Assignments for Friday

  • Familiarize youself with a few basic unix commands (cd, ls, ps, more, cat, ...)

Assignments for Wednesday

Assignments for Monday

  • Read through intron sections on Wikipedia:
    • http://en.wikipedia.org/wiki/Intron
    • http://en.wikipedia.org/wiki/RNA_splicing
    • http://en.wikipedia.org/wiki/Group_I_catalytic_intron
    • en.wikipedia.org/wiki/Group_II_intron
Bring at least one question for the review session (Midterm is next week Wednesday)

line

 

Discuss perl scripts and gene plots powerpoint slides here

 

Discuss gene and genome rearrangements.

sequence space

 

line

Items for Discussion

Given that two homologous sequences start off with 100% similarity and then diverge over time, what percent similarity will they share when saturation with substitutions has been reached, (assume equal frequency for the different letters)
a. For nucleotide sequences?
There are four different nucleotides. If the sequence is saturated with substitutions, than the initial nucleotide has an equal probability (if the nucleotides occur with the same frequency) to be one of the 4 possibilities, one of them is a match, resulting in 25% identity.

b. For protein sequences?
Same but there are 20 letters, resulting in a 5% match probability

How would the result for a nucleotide sequence change, if the frequencies for the two nucleotides are not equal. Use composition with 40%G 40%C and 10%A, 10%T as an example.
The chance of a match for a T is equal to the probability to have T at the start, and to have a T at the end, which after saturation with substitutions is both equal to the frequency of T, i.e. chance to have T at the beginning and at the end is 0.1 time 0.1. Similar for the other nucleotides.

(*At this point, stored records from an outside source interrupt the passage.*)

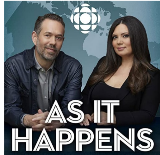
As It Happens, émission de CBC Radio One offerte avec la transcription intégrale.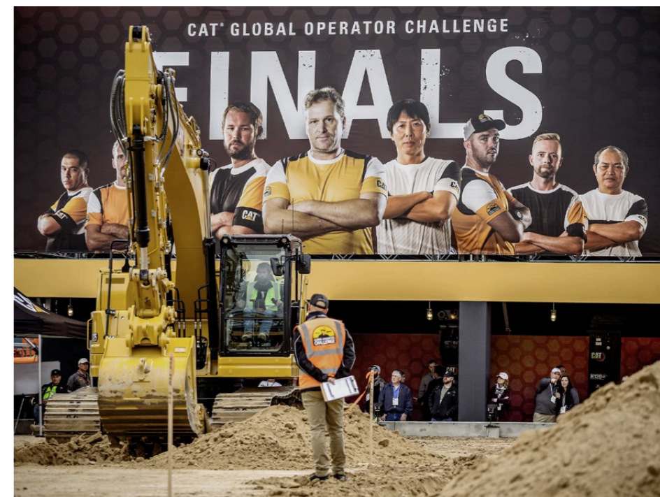
Nur neun Baumaschinen-Profis hatten sich weltweit für die Weltmeisterschaft in Las Vegas qualifiziert.

Maschinenführer arbeiten bei Wind und Wetter, oft von Morgengrauen bis Sonnenuntergang – man sollte meinen, alles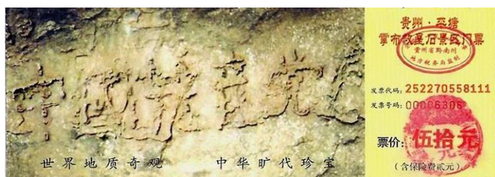
贵州省平塘县掌布乡“藏字石”风景区门票图案

大海啸过后，野生动物专家对路透社记者说：“我们没有找到一具动物尸体……动物也许能感知到这场灾难，它们有第六感。它们了解要发生的事情。”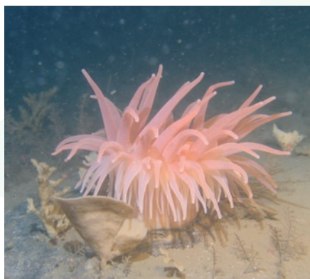
Sjöanemon på Skagerraks botten.

Ett av projektets mer uppseendeväckande resultat är att man har kunnat fotografera havsbotten på stora djup och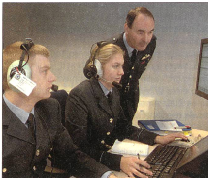
Britische Soldaten im neuen Luftverteidigungszentrum auf dem Stützpunkt in Scampton.

Das neue britische Luftverteidigungssystem macht Fortschritte. Auf dem Luftwaffenstützpunkt der Royal Air Force (RAF) Scampton, Lincolnshire, wurde Ende Januar ein neues datenvernetztes «Control and Reporting Centre» (CRC) eröffnet.

The total probability to have a match thus is 0.1^2 + 0.1^2 + 0.4^2 + 0.4^2 = 2*.1^2 +2*.4^2=.02 + .32 = .34 = 34% , i.e. more similar than in case of equal nucleotide frequency
General formular: %identity for random sequences with biased composition: (frequency of A)^2 + (frequency of T)^2 + (frequency of G)^2 + (frequency of C)^2 . For a genome the total number of G is equal to the total number of C, thus one also could write: expected %identity = 2*((%GC/200)^2) + 2*(((100-%GC)/200)^2)

When did the Bacteria diverge from the Archaea and Eukaryotes, i.e. how old is LUCA (approximately)? Current estimates vary between 4.2 and about 3 billion years BP (compare here and here)

What is the late heavy bombardment? See http://en.wikipedia.org/wiki/Late_Heavy_Bombardment.
Did this sterilize Earth?
Did it happen, or was this just the tail of the early heavy bombardment?

The finding that the ribosomal RNA alone cannot perform translation is an argument against the RNA world hypothesis
FALSE
It turns out that the ribosome at its catalytic core is made from RNA. Ribosomal proteins are not at the center of the peptide bond formation, which suggests that the ribosomal peptide synthesis started out as a ribosome based machinery.